**Required action**
Here the job is to transcribe the data verbatim while leaving each picture out.

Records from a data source
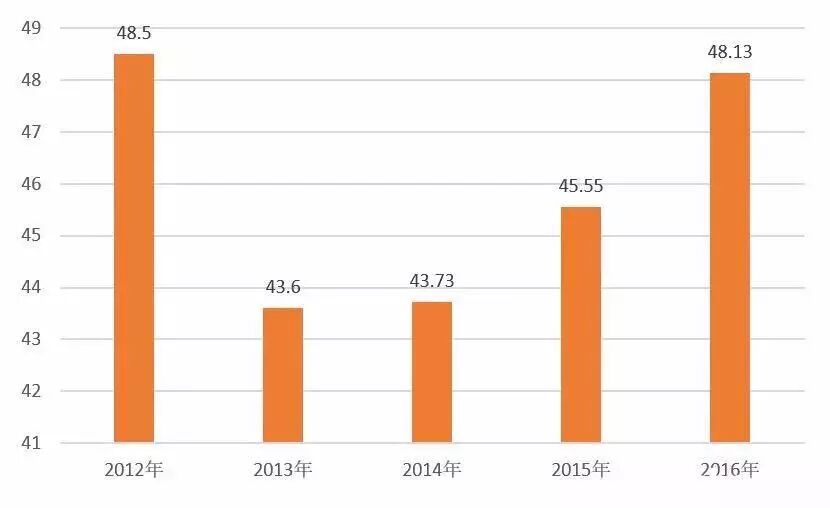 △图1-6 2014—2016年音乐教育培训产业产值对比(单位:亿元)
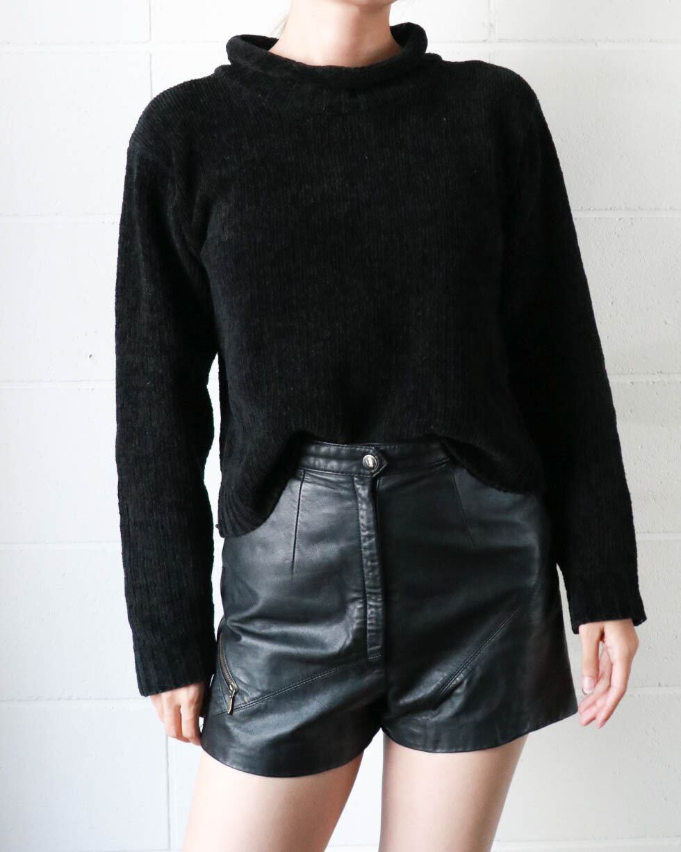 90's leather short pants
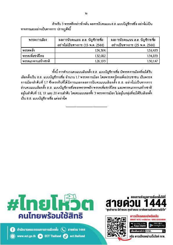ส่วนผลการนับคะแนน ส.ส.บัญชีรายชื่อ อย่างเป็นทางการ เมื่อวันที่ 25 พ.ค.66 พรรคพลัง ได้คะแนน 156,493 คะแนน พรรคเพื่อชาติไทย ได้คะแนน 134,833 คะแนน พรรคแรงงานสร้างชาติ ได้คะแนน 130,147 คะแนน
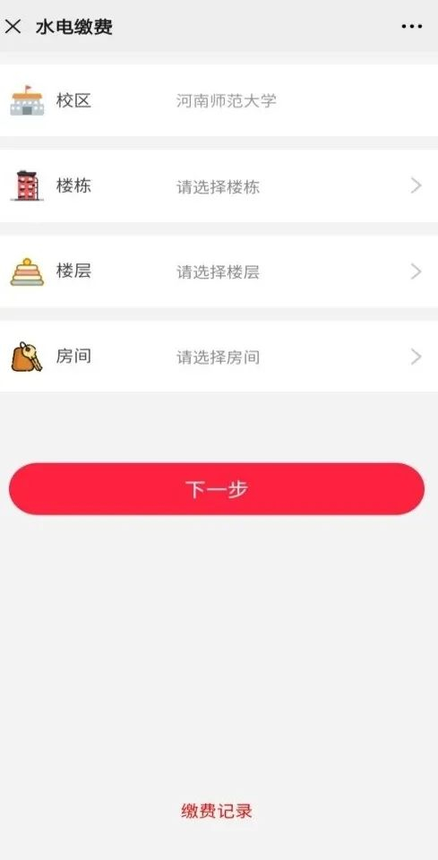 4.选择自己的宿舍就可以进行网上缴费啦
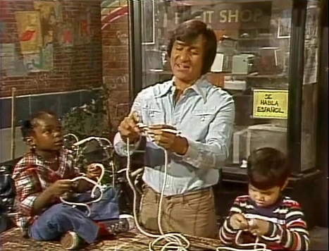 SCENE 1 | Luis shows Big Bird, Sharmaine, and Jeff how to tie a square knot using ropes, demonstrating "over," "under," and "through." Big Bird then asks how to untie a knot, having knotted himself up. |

**Completed exercise**
 △图1-6 2014—2016年音乐教育培训产业产值对比(单位:亿元)
 90's leather short pants
ส่วนผลการนับคะแนน ส.ส.บัญชีรายชื่อ อย่างเป็นทางการ เมื่อวันที่ 25 พ.ค.66 พรรคพลัง ได้คะแนน 156,493 คะแนน พรรคเพื่อชาติไทย ได้คะแนน 134,833 คะแนน พรรคแรงงานสร้างชาติ ได้คะแนน 130,147 คะแนน
 4.选择自己的宿舍就可以进行网上缴费啦
 SCENE 1 | Luis shows Big Bird, Sharmaine, and Jeff how to tie a square knot using ropes, demonstrating "over," "under," and "through." Big Bird then asks how to untie a knot, having knotted himself up. |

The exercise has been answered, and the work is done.